TASK |
Pictures must not appear in the copy. Restate exactly the lines below from the one with "Pura70P和Mate70" through the one with "공정무역 상품인 듯했다.", inclusive.

**** DATA EXTRACT ****

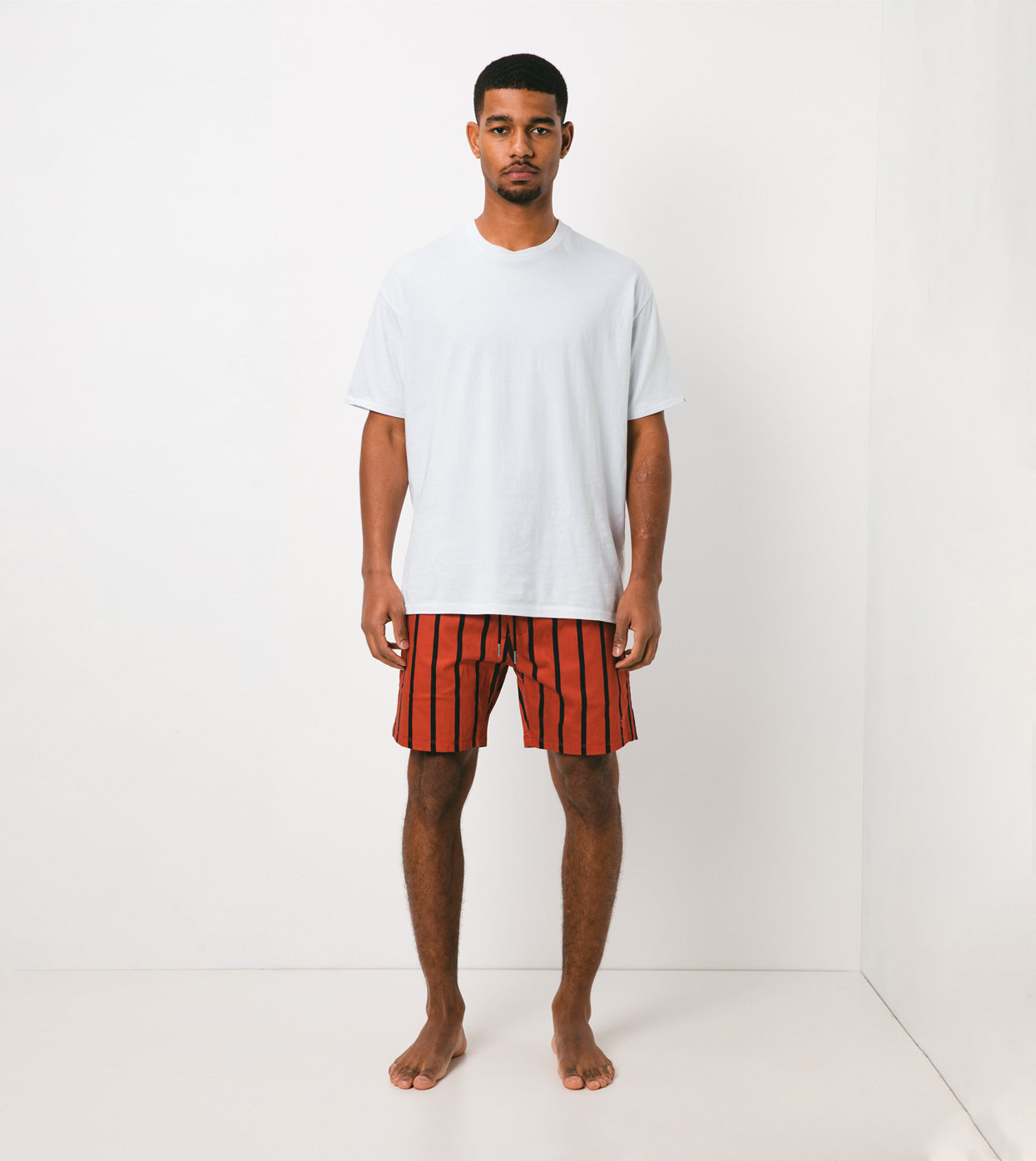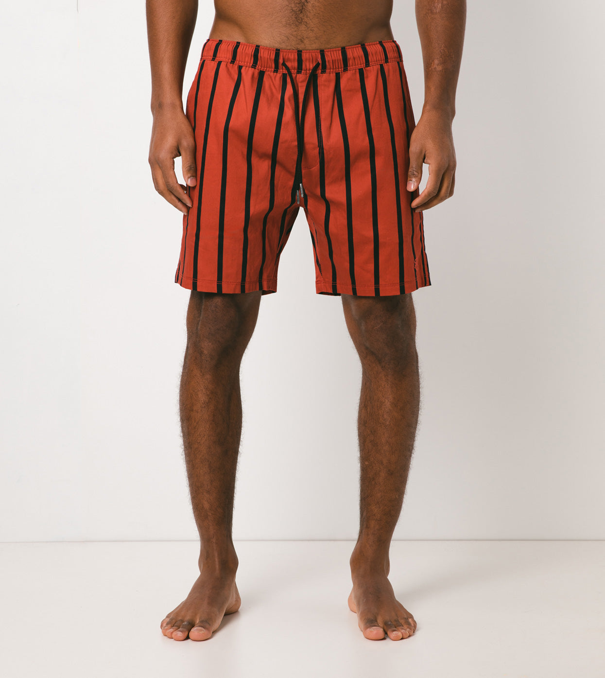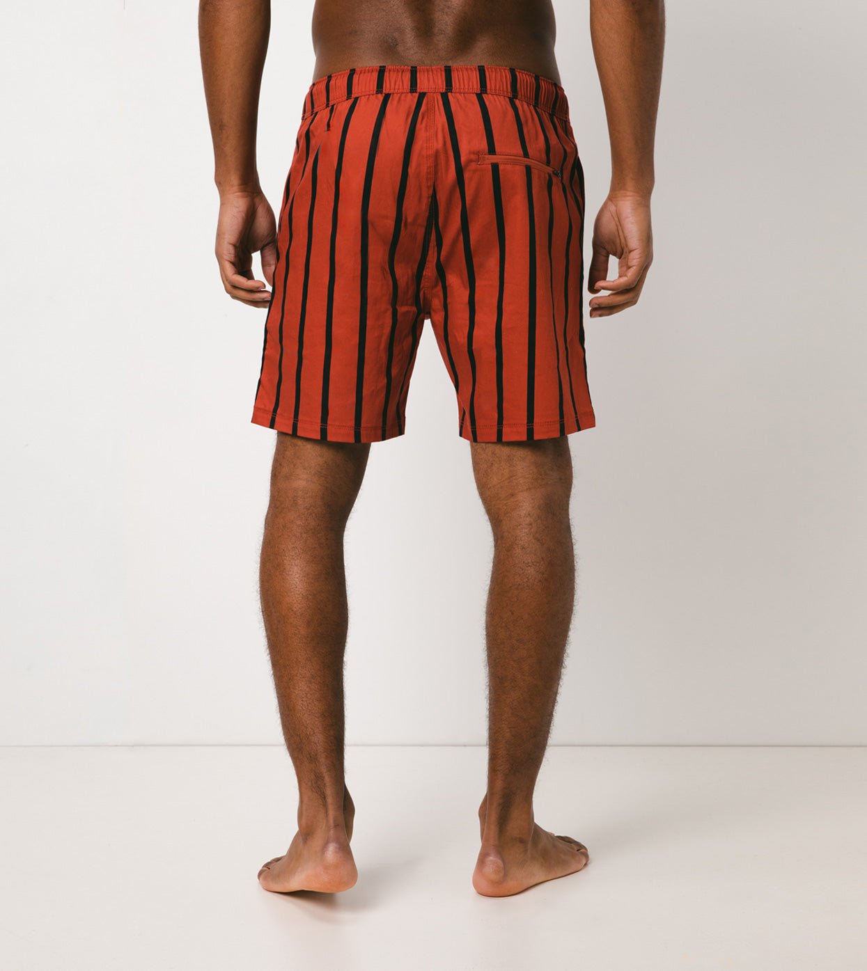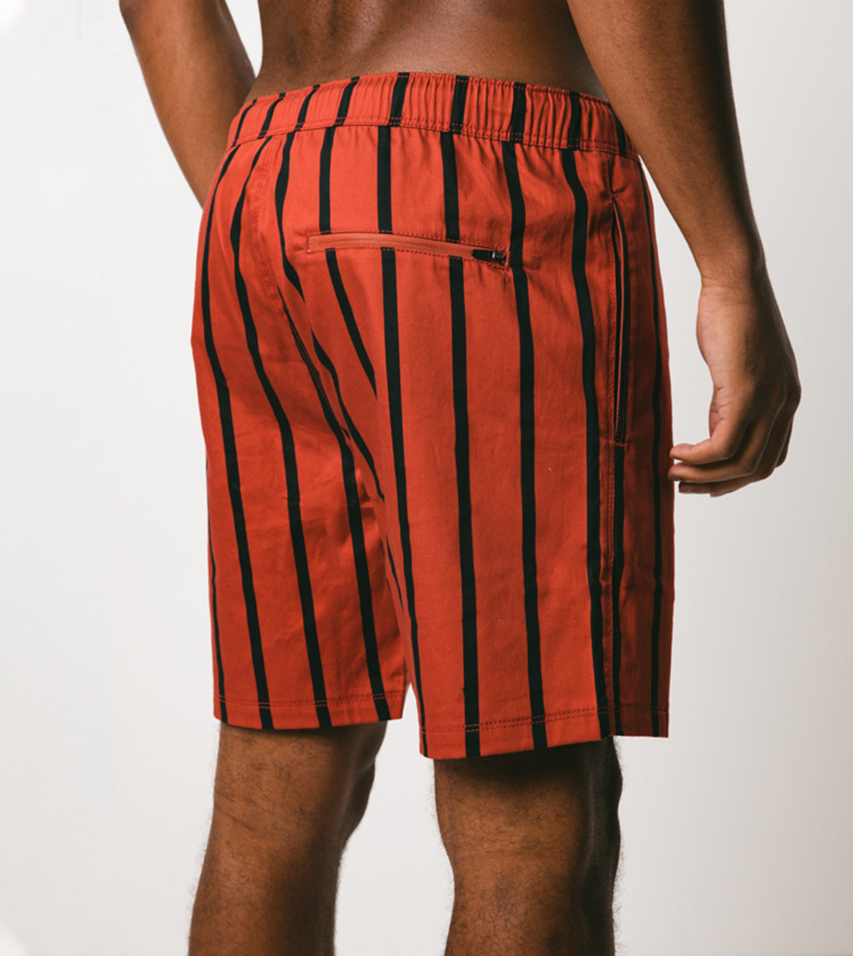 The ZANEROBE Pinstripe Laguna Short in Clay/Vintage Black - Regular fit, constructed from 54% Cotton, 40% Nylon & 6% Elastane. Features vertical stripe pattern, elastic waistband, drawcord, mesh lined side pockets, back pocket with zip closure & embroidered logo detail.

****
**** DATA EXTRACT ****

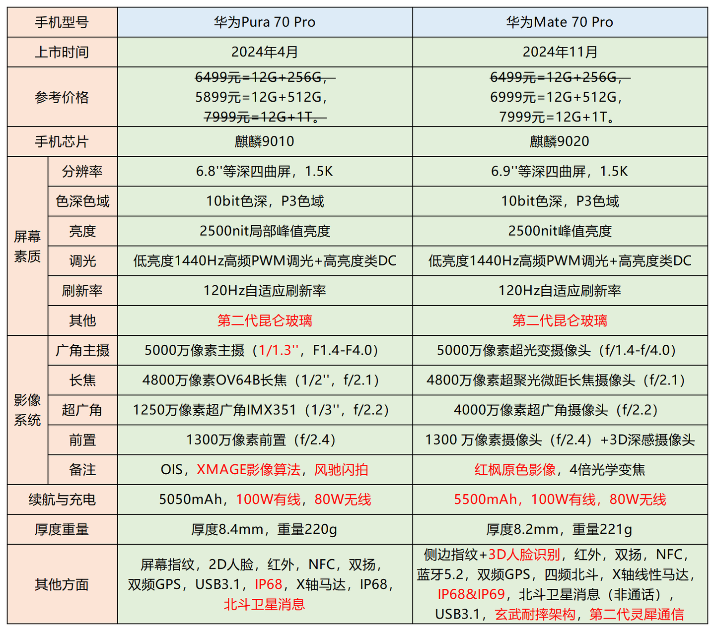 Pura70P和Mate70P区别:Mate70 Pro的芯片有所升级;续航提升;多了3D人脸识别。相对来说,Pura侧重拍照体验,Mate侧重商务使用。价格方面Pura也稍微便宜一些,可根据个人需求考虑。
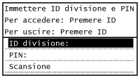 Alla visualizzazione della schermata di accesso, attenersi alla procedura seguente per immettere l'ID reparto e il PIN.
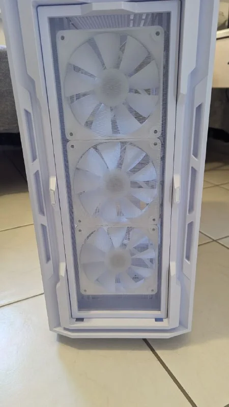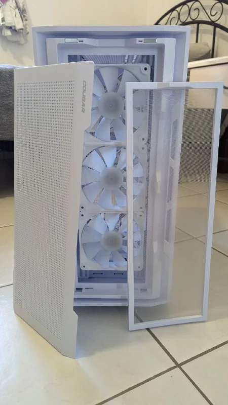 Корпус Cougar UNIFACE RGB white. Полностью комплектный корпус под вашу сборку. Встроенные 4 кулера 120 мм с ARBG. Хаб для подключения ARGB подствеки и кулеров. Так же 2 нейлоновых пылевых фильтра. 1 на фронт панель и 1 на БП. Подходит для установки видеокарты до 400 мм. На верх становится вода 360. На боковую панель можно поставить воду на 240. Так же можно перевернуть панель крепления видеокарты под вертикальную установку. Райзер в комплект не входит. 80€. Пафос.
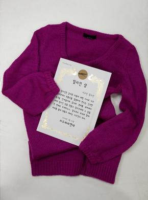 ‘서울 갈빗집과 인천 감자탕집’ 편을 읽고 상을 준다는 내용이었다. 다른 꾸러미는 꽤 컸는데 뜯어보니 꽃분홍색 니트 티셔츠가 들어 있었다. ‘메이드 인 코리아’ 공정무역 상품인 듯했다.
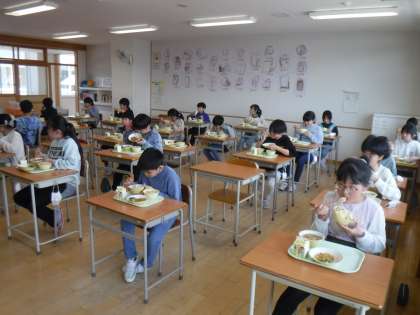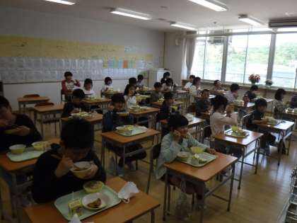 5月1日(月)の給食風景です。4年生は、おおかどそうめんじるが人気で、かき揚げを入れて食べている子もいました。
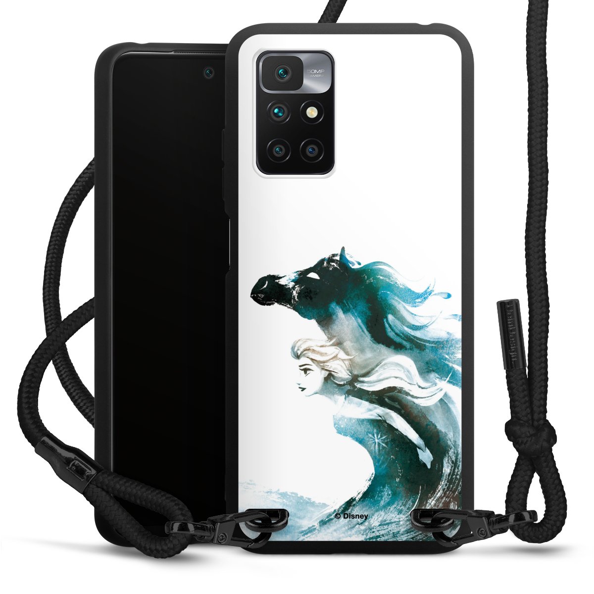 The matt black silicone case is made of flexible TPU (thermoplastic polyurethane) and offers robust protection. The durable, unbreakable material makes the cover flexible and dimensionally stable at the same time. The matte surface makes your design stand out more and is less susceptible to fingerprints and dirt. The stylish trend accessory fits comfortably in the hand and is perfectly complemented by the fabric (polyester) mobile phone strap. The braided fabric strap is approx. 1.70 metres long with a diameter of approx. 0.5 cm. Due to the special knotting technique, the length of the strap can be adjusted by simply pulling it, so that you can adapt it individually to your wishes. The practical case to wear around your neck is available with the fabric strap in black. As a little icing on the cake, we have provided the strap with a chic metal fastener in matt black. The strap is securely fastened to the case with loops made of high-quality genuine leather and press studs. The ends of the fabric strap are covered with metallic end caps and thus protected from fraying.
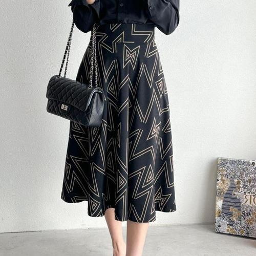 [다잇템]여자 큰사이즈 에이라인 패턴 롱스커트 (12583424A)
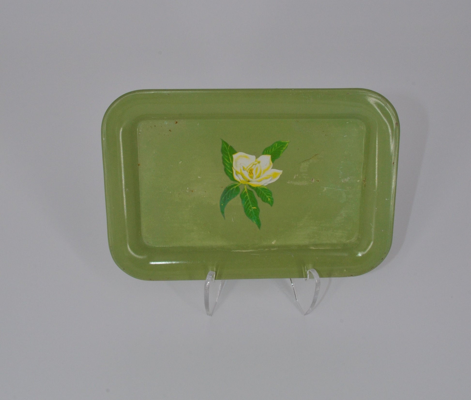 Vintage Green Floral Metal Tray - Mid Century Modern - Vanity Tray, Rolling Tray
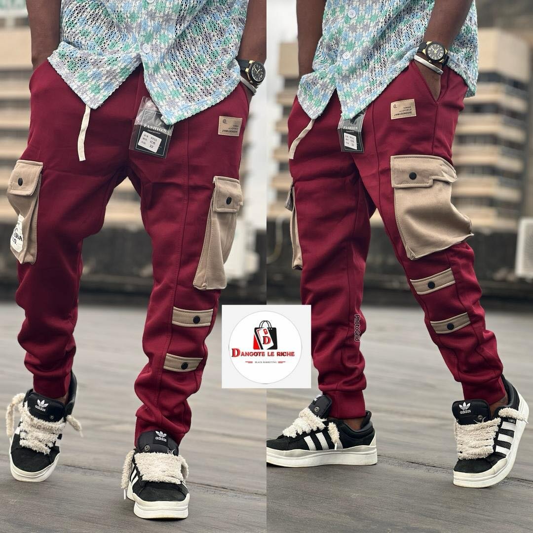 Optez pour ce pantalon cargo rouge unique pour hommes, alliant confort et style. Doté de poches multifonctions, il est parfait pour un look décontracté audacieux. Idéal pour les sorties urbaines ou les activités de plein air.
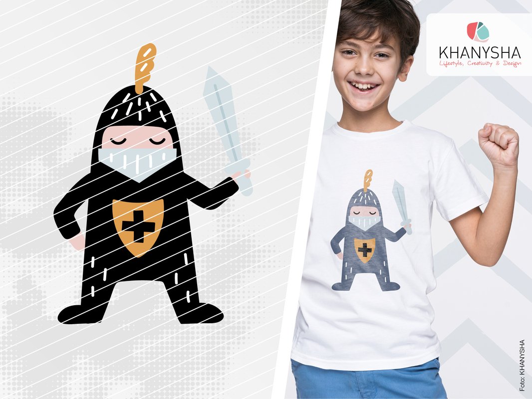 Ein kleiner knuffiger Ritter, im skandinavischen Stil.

****
**** DATA EXTRACT ****

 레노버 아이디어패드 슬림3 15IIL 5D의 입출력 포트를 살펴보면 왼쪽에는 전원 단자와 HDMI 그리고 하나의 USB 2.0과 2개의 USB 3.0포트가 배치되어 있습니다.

****

SOLUTION |
 Pura70P和Mate70P区别:Mate70 Pro的芯片有所升级;续航提升;多了3D人脸识别。相对来说,Pura侧重拍照体验,Mate侧重商务使用。价格方面Pura也稍微便宜一些,可根据个人需求考虑。
 Alla visualizzazione della schermata di accesso, attenersi alla procedura seguente per immettere l'ID reparto e il PIN.
 Корпус Cougar UNIFACE RGB white. Полностью комплектный корпус под вашу сборку. Встроенные 4 кулера 120 мм с ARBG. Хаб для подключения ARGB подствеки и кулеров. Так же 2 нейлоновых пылевых фильтра. 1 на фронт панель и 1 на БП. Подходит для установки видеокарты до 400 мм. На верх становится вода 360. На боковую панель можно поставить воду на 240. Так же можно перевернуть панель крепления видеокарты под вертикальную установку. Райзер в комплект не входит. 80€. Пафос.
 ‘서울 갈빗집과 인천 감자탕집’ 편을 읽고 상을 준다는 내용이었다. 다른 꾸러미는 꽤 컸는데 뜯어보니 꽃분홍색 니트 티셔츠가 들어 있었다. ‘메이드 인 코리아’ 공정무역 상품인 듯했다.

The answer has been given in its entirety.